DATA EXTRACTS:
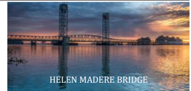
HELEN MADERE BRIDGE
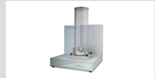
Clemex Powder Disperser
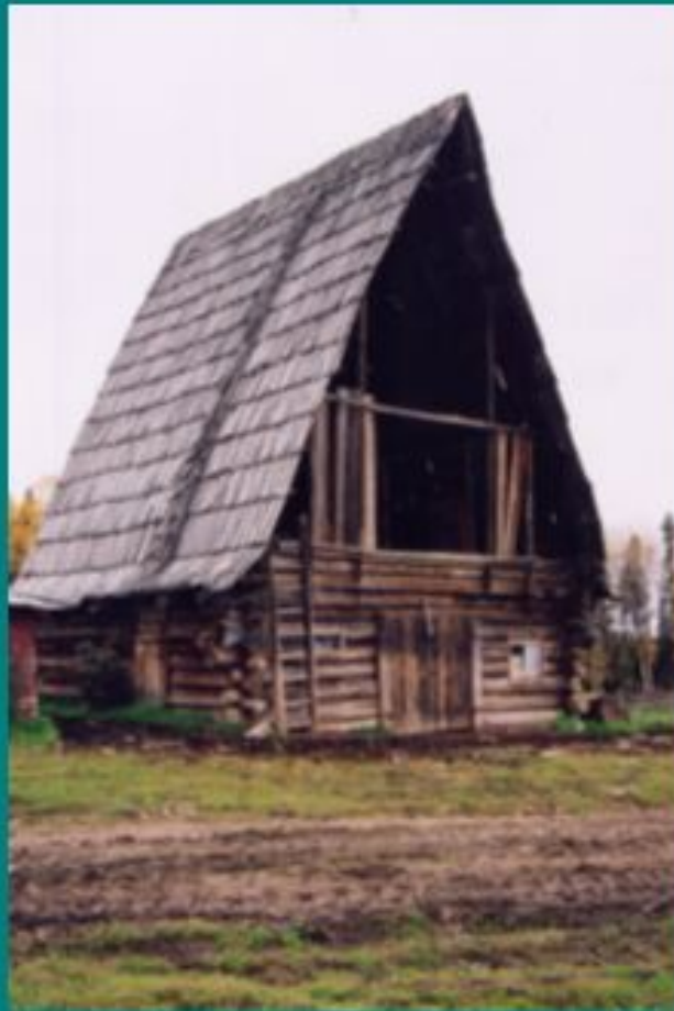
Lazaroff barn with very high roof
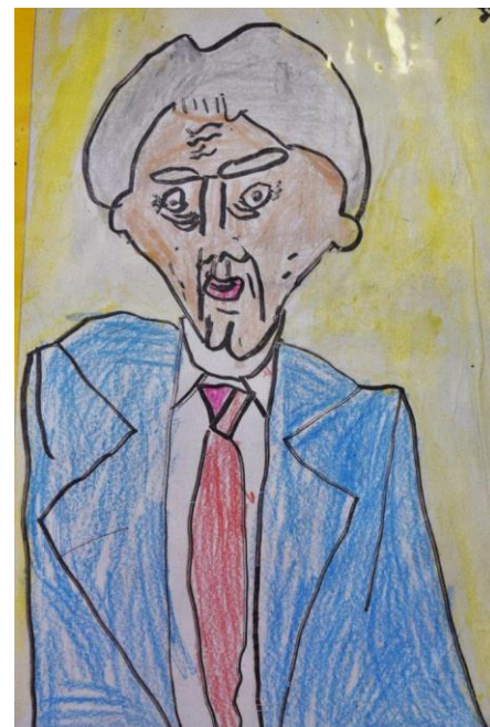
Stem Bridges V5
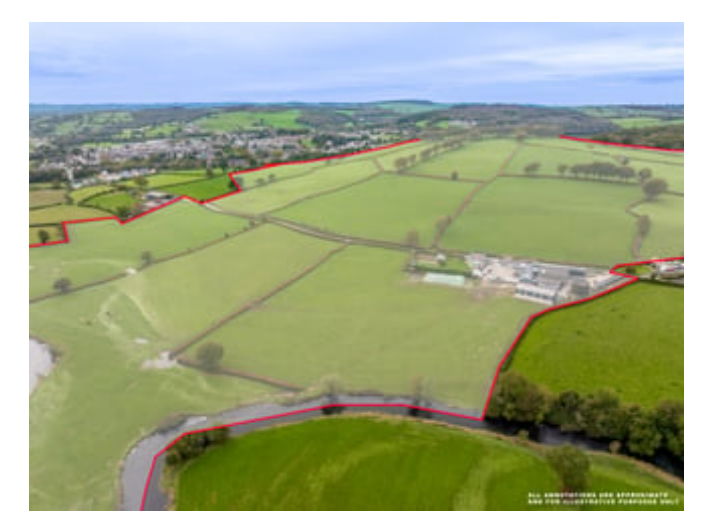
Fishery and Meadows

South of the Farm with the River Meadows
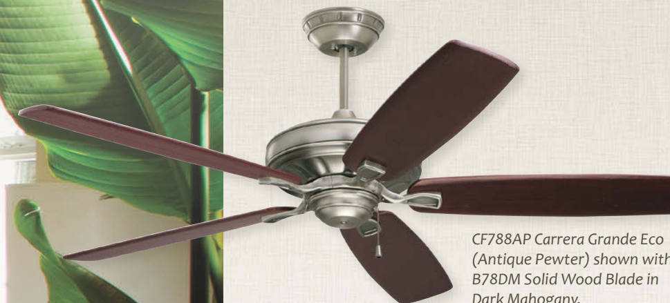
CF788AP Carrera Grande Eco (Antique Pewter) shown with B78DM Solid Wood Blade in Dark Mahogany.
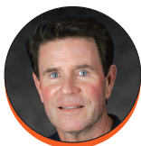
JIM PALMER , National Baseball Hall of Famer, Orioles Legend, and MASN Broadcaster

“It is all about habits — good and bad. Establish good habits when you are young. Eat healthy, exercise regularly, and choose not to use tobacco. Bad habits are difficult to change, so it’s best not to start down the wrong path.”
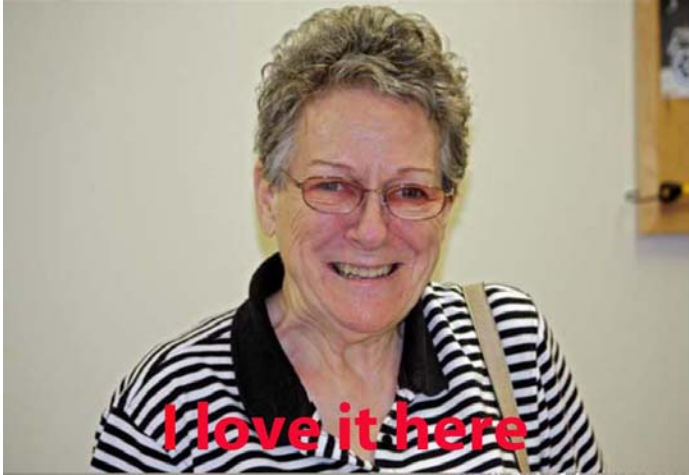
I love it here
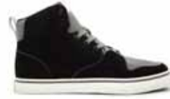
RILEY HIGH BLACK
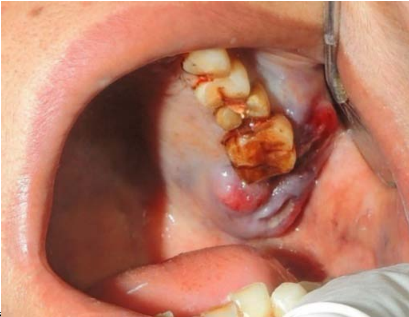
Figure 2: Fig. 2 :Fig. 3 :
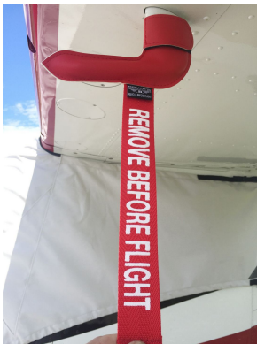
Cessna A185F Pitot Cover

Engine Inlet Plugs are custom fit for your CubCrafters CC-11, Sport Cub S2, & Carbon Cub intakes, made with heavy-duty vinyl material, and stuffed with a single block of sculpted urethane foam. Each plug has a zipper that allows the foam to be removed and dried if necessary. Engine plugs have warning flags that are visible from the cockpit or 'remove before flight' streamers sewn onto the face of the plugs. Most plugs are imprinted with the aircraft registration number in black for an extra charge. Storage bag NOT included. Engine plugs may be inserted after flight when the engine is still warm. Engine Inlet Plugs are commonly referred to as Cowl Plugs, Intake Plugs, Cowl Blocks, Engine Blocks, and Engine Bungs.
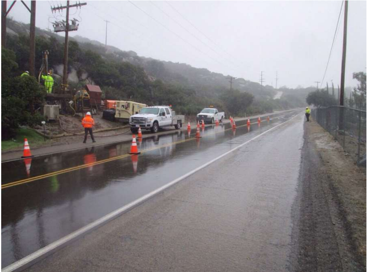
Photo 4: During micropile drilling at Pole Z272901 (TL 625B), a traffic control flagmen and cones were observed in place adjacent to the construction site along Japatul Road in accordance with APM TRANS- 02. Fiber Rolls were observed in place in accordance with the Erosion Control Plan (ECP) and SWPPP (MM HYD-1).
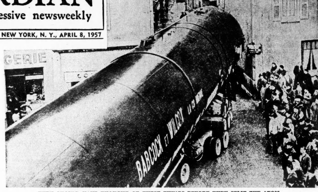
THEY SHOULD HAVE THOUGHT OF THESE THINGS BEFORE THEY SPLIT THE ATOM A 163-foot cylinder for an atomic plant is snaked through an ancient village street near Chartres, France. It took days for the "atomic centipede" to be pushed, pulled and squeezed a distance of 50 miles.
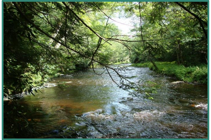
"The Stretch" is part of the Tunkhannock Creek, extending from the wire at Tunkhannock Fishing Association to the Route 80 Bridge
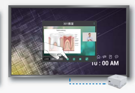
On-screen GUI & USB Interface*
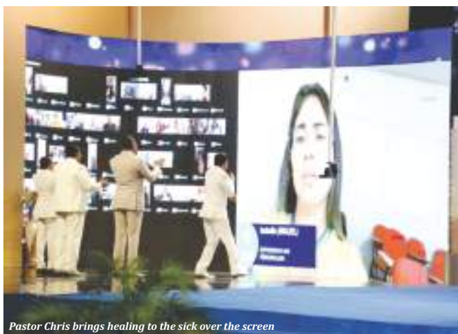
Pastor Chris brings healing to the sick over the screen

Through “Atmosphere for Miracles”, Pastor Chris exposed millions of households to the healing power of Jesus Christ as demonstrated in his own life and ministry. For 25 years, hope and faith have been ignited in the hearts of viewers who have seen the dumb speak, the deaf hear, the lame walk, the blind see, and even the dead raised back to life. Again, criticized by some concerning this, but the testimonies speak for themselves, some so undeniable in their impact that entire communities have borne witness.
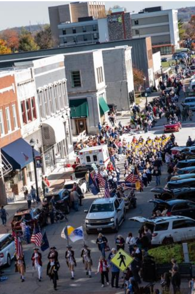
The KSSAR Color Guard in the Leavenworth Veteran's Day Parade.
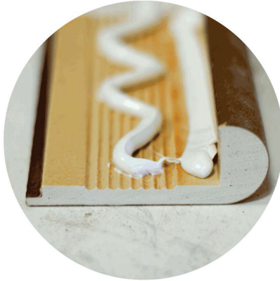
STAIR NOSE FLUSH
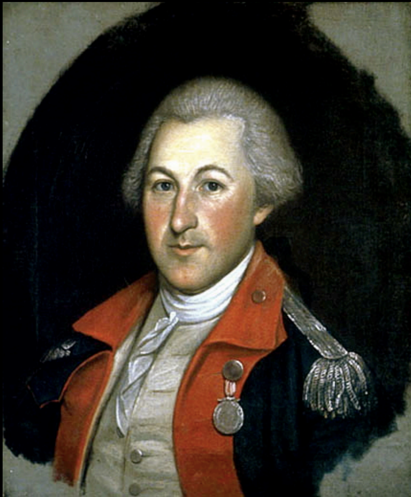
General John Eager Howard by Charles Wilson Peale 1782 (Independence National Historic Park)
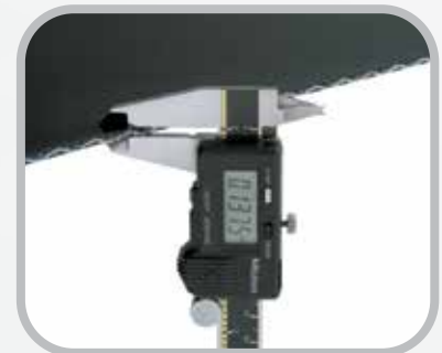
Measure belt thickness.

* * *

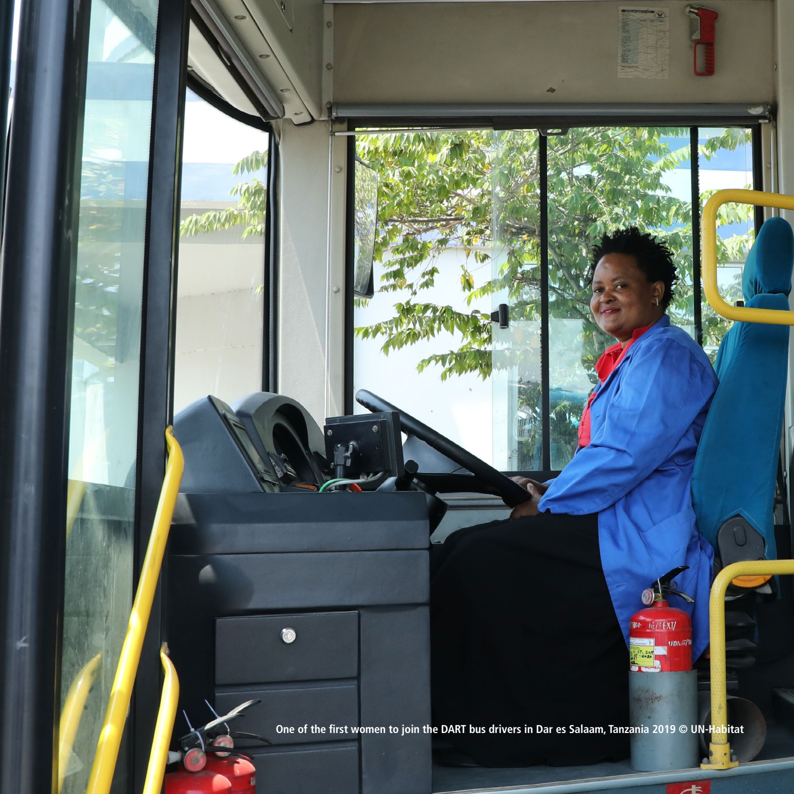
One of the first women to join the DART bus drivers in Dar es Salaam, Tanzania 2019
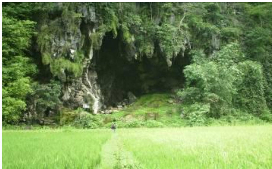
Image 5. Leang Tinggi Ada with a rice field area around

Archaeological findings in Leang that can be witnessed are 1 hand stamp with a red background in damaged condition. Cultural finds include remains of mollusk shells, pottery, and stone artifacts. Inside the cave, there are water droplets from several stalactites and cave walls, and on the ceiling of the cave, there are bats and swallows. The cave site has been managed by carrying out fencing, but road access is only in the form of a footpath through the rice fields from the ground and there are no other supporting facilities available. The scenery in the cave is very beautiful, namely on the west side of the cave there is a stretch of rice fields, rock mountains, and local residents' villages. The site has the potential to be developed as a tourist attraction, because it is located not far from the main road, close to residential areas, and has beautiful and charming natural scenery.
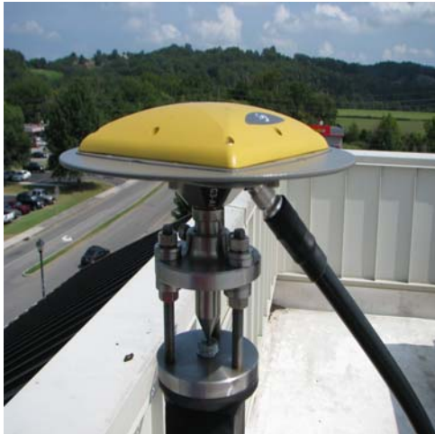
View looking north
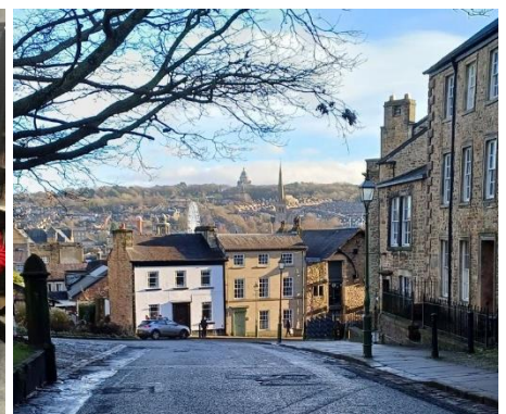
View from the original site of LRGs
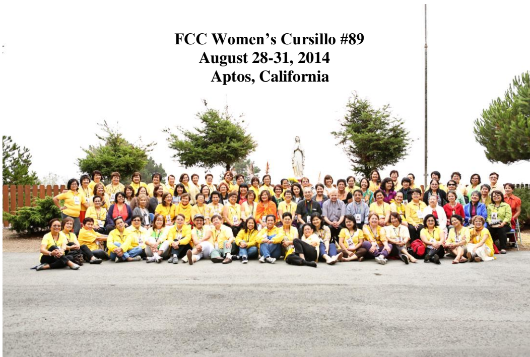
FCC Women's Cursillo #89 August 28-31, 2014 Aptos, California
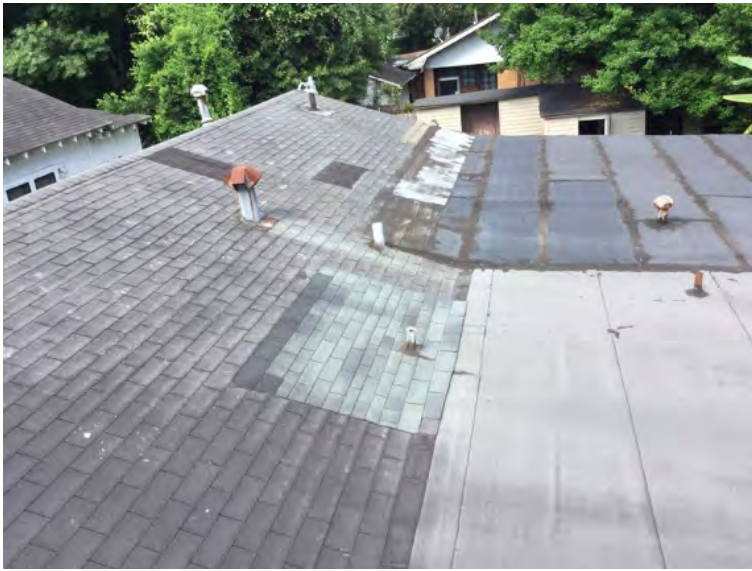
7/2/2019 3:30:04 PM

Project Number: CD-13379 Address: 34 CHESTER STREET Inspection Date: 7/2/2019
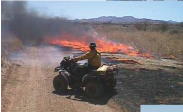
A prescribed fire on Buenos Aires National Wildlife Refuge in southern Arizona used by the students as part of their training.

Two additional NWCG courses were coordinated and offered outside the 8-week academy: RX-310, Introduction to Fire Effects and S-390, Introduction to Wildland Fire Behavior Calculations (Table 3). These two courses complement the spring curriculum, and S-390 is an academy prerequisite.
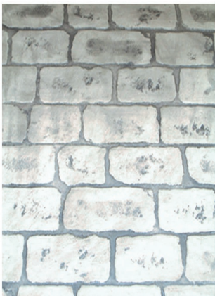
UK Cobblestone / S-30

YOUR OBJECTIVE: In the listing above, find the line containing "JIM PALMER , National" and the line containing "Cessna A185F Pitot Cover". Reproduce those lines and all between them exactly, with no pictures and nothing more.

TASK RESULT:
JIM PALMER , National Baseball Hall of Famer, Orioles Legend, and MASN Broadcaster

“It is all about habits — good and bad. Establish good habits when you are young. Eat healthy, exercise regularly, and choose not to use tobacco. Bad habits are difficult to change, so it’s best not to start down the wrong path.”
I love it here
RILEY HIGH BLACK
Figure 2: Fig. 2 :Fig. 3 :
Cessna A185F Pitot Cover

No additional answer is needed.